MOSCOW: Russia scoffed at a US declaration saying that Washington would not accept Moscow’s annexation of Crimea, suggesting Washington’s Ukraine policy could change in the future.

“We know the worth of these ‘fateful declarations’,” Russian foreign ministry spokeswoman Maria Zakarova said in a sarcastic comment on Facebook.

She suggested that Washington’s Crimea policy could still change — perhaps even under a new leader in the future.

She said that the Joint Comprehensive Plan of Action on Iran and the Paris agreement for slowing climate change “were also official US policy not long ago” because Trump’s predecessor Barack Obama “personally decided so.”

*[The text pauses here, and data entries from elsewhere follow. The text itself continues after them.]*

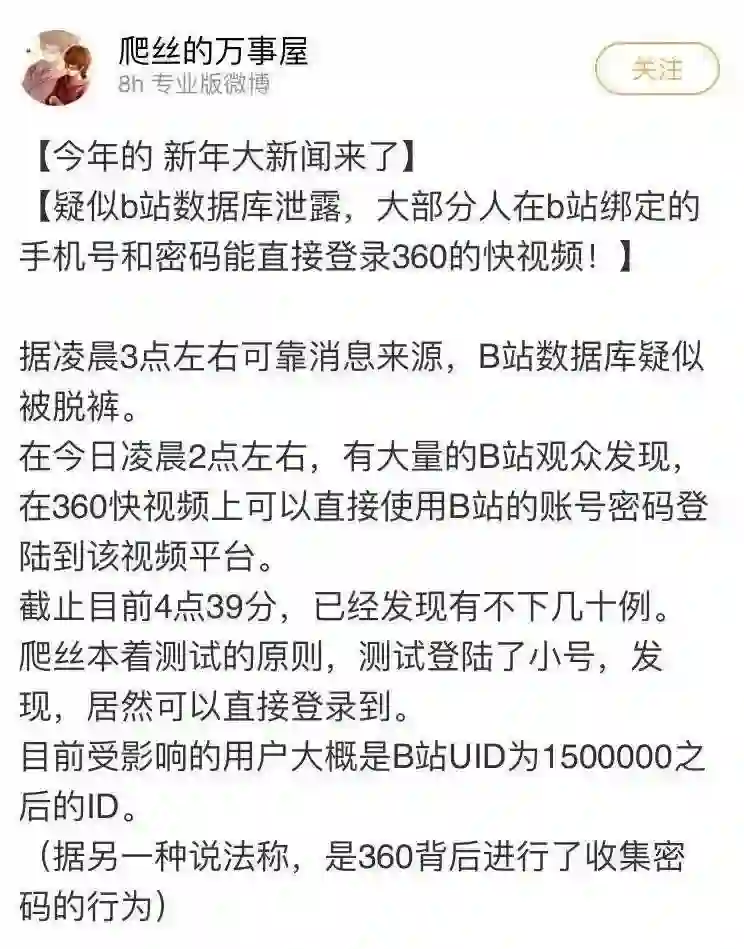 网友@爬丝的万事屋 在 04:44 发布微博称,B 站数据库疑似被拖库,大量 B 站用户可以直接使用 B 站账号登录 360 的快视频。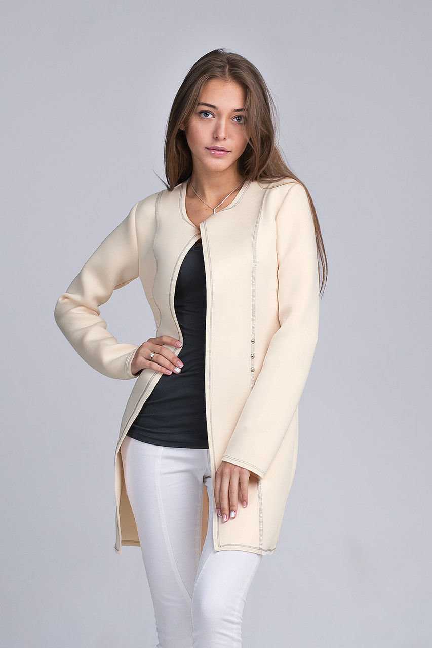 - Неопрен — искусственный материал. Не мнется, легко стирается. В то же время ткань плохо пропускает воздух. Изделия из неопрена подчеркивают красоту женского силуэта. Модели А-образного кроя подбирают к облегающей одежде. С кардиганом укороченного фасона хорошо смотрится плиссированная юбка.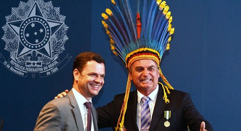 Presidente Jair Bolsonaro ao lado do ministro da Justiça, Anderson Torres, durante evento do Mérito Indigenista

“And then Trump came and decided differently,” she wrote late Wednesday.

The US government said Wednesday it would not accept Russia’s annexation of the Crimean peninsula from Ukraine, as Trump stepped up his damage control operation after a hugely controversial summit with Russian President Vladimir Putin in Helsinki.

Trump on Wednesday also delayed a new summit with Putin to next year, just a day after the Kremlin said Putin and Trump agreed in Helsinki to continue their “useful contacts.”

The US declaration slamming Russia’s annexation of Crimea came after the Russian ambassador to Washington said Putin had made a concrete offer on Ukraine to Trump.

The ambassador, Anatoly Antonov, spoke after a report said that at the Helsinki summit, Putin called for a referendum to be held with the help of the international community in Ukraine’s breakaway regions of Donetsk and Lugansk, which Russia-backed separatists control.

In the declaration, US Secretary of State Mike Pompeo called on Russia to “end its occupation of Crimea,” and said Moscow had sought to “undermine a bedrock international principle” shared by democratic states, that no country can change the borders of another by force.

After a Western-backed popular uprising in Kiev in 2014 ousted a Kremlin-backed regime, Russia annexed Crimea and moved to support a separatist insurgency in Ukraine’s Russian-speaking regions of Donetsk and Lugansk.

Moscow made Crimea part of Russia after a hastily conducted referendum whose results were rejected by the international community.

Putin has said the results of the vote would not be revisited.